Brine evaporation occurs with the deposit of scale on the hot pan bottom where this is exposed to the fire beneath. If this is allowed to become too thick the lead will overheat and melt. Hence the scale was regularly removed by picking with an iron implement which has left a pick mark on the lead bottom. All the Roman pans show these pick marks as a band down the middle with pick-free zones on either side. This shows conclusively that the pans were supported on solid walls about 50cm apart but somewhat surprisingly we have been left with no conclusive archaeological evidence of the nature of these substructures.

Our knowledge of Roman life in Mid Cheshire has been greatly enhanced by two recent major archaeological digs on land scheduled for housing development. At both Middlewich in 2001 and at Nantwich in 2002 evidence was uncovered revealing that both towns had extensive early Roman industrial settlements with salt making and other trades. Both sites appear to have been abandoned at the end of the Roman period. There is no evidence of later medieval industrial activity and the land presumably returned to agricultural use soon after the Romans left.

At both Middlewich and Nantwich the digs have produced a wealth of Roman period finds such as leatherwork, pottery and timber-lined clay packed pits.

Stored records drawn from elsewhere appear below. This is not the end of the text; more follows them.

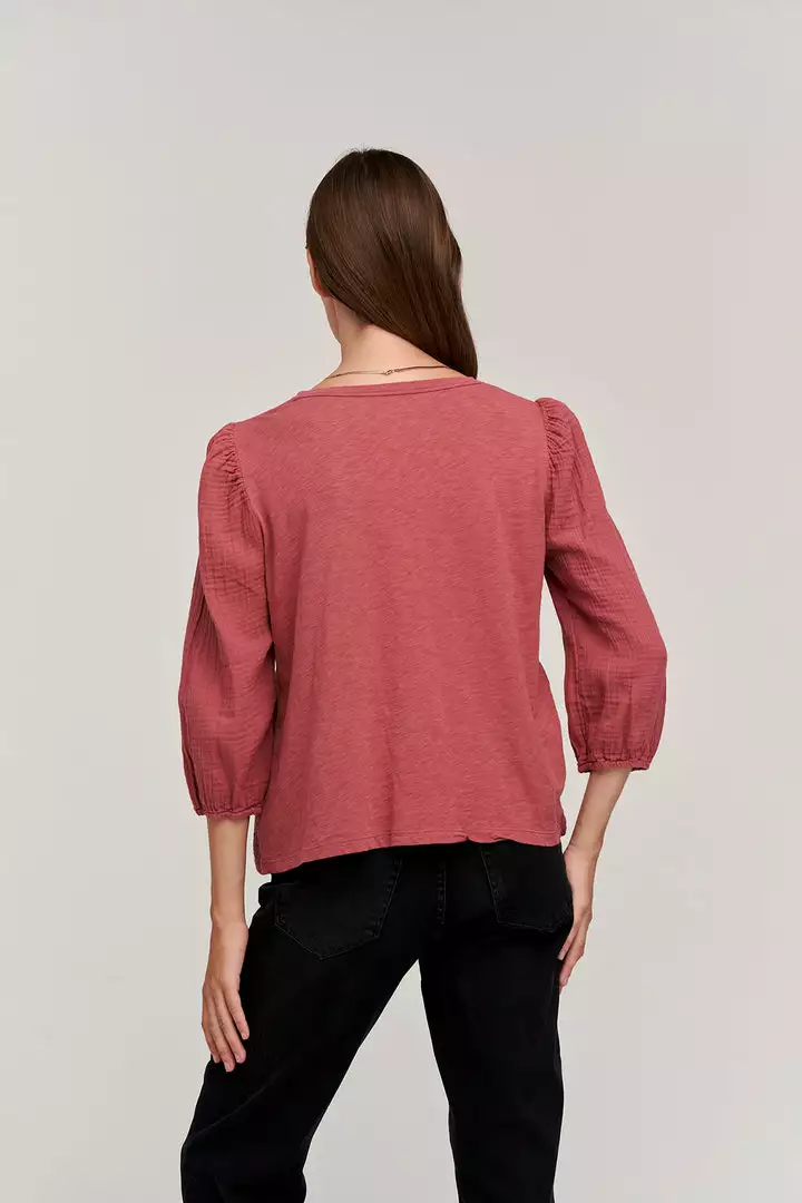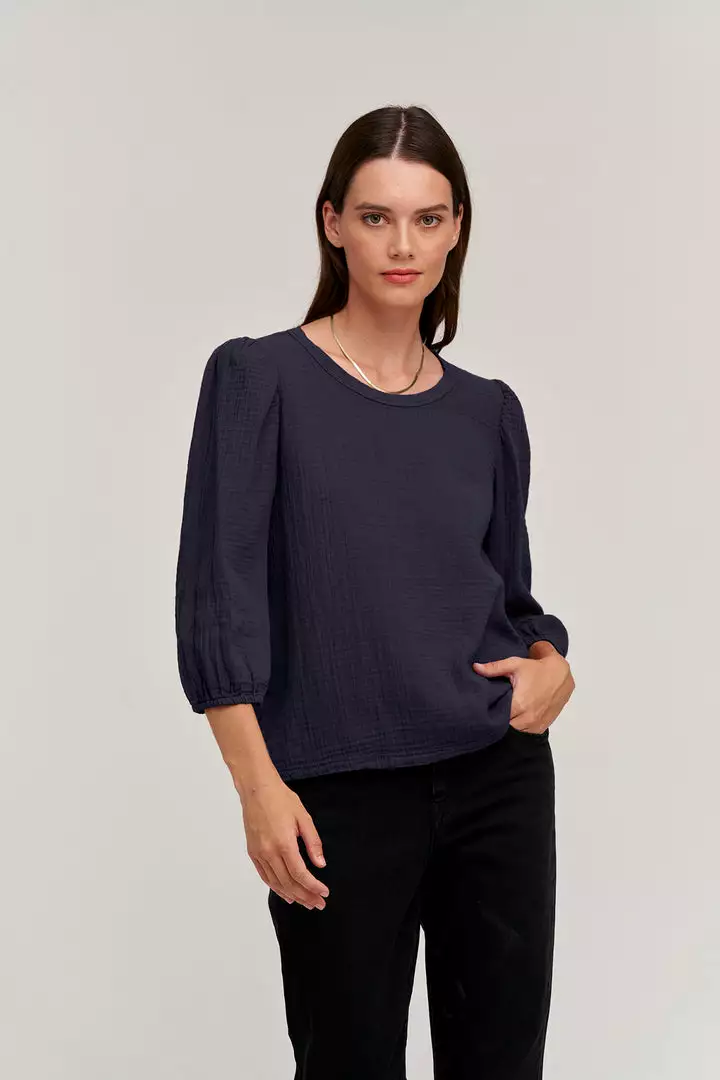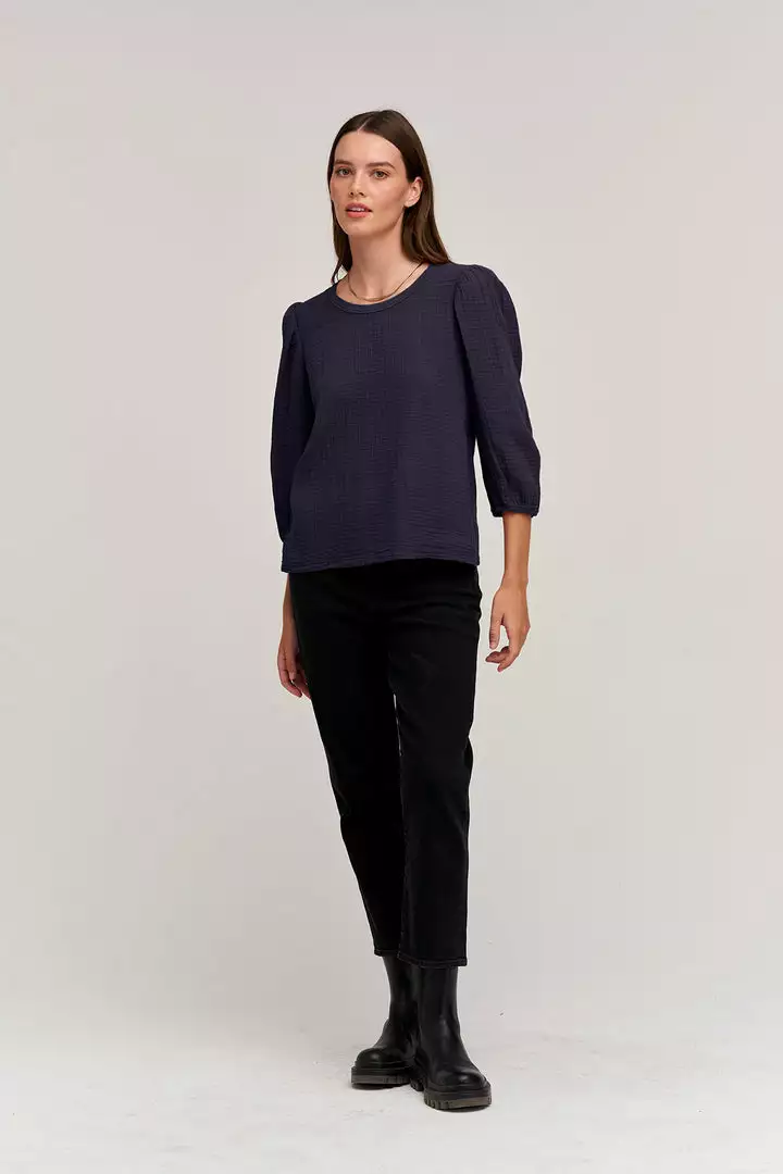 The juxtaposition of a cotton gauze front and sleeves with the cotton slub back gives this top an unexpected twist. A puffed sleeve with a slight crop makes this an anytime essential.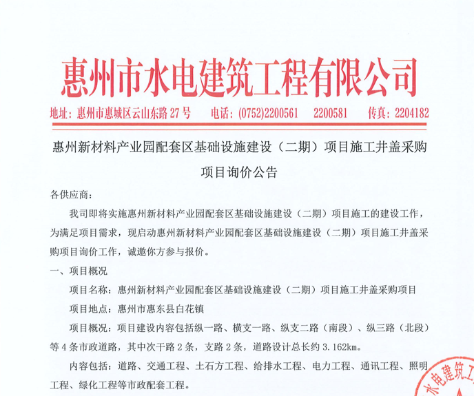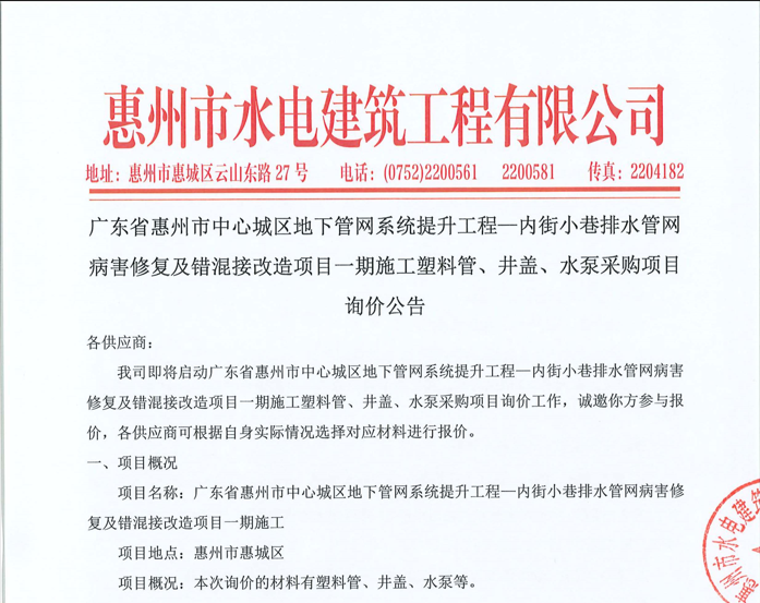 惠州市水電建筑工程有限公司成立于一九六四年四月,隸屬惠州市水務集團有限公司,是一家國有綜合性施工企業,主營水利水電工程、房屋建筑、市政工程等施工業務。公司擁有水利水電工程施工總承包一級、建筑工程施工總承包一級、市政公用工程施工總承包一級、公路工程施工總承包三級,公路路基、路面及建筑裝修裝飾專業承包二級,環保工程、機電安裝、河湖整治、輸變電工程專業承包三級等經營資質……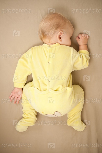 Спящий маленький ребенок на бежевом фоне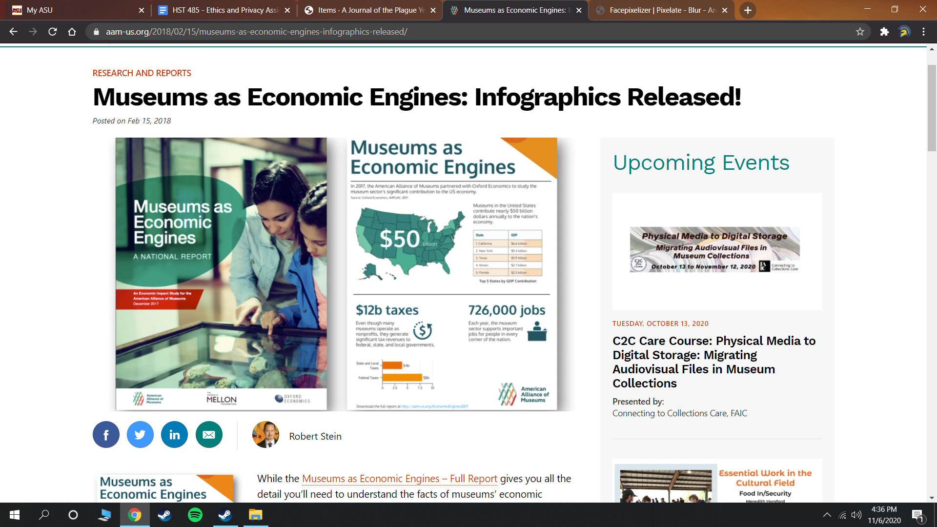Though created in 2018, the American Alliance of Museums created multiple infographics on the economic activity and contribution of museums in several states. I have been searching for multiple ways to bring awareness to preserving museums in the midst of the major pandemic and infographics are very informative and provide information in an organized and enjoyable way!

But both sites appear to lack the mass of briquetage which has been a feature of other salt making sites and indicative of Iron Age/ Bronze Age occupation. Middlewich has produced some briquetage indicative of early salt making but the Nantwich 2002 dig appears to have been a Roman lead pan site without earlier or later occupation. But no evidence remained of supporting substructures for the pans.

As expected, no complete lead pans were found but at both sites the Roman occupation levels were littered with small fragments of lead "dribbles". These confirm the use of lead pans and are assumed to be from the accidental melting of overheated lead pans. This would certainly happen if a pan was allowed to boil dry. At one spot at Nantwich, an accumulation of lead fragments included plan clippings which can be identified as part of a salt pan and this was possibly the pansmith's workshop.